:: ACTION ITEM ::
In the material below, find the line containing "Et en plus, des" and the line containing "据土耳其统计局数据,2018", then reproduce exactly both of them and every line between, and nothing else.

:: RECORDS FOR THE EXERCISE ::
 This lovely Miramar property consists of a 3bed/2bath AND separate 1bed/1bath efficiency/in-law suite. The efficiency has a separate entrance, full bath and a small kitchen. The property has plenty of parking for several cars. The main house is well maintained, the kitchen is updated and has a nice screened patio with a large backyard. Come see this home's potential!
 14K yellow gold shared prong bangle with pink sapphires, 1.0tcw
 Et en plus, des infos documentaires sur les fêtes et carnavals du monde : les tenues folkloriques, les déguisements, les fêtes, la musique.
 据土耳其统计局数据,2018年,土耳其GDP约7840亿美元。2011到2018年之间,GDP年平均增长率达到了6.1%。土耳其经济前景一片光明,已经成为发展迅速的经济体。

* * *

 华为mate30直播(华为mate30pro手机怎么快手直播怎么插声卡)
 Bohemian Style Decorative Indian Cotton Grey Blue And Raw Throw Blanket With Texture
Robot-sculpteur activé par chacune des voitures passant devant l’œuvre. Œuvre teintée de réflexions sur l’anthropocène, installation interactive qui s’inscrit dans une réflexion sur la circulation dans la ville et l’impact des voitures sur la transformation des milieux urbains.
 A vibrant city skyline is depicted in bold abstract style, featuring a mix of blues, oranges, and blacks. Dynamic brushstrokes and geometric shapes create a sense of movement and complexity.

:: YOUR SOLUTION ::
 Et en plus, des infos documentaires sur les fêtes et carnavals du monde : les tenues folkloriques, les déguisements, les fêtes, la musique.
 据土耳其统计局数据,2018年,土耳其GDP约7840亿美元。2011到2018年之间,GDP年平均增长率达到了6.1%。土耳其经济前景一片光明,已经成为发展迅速的经济体。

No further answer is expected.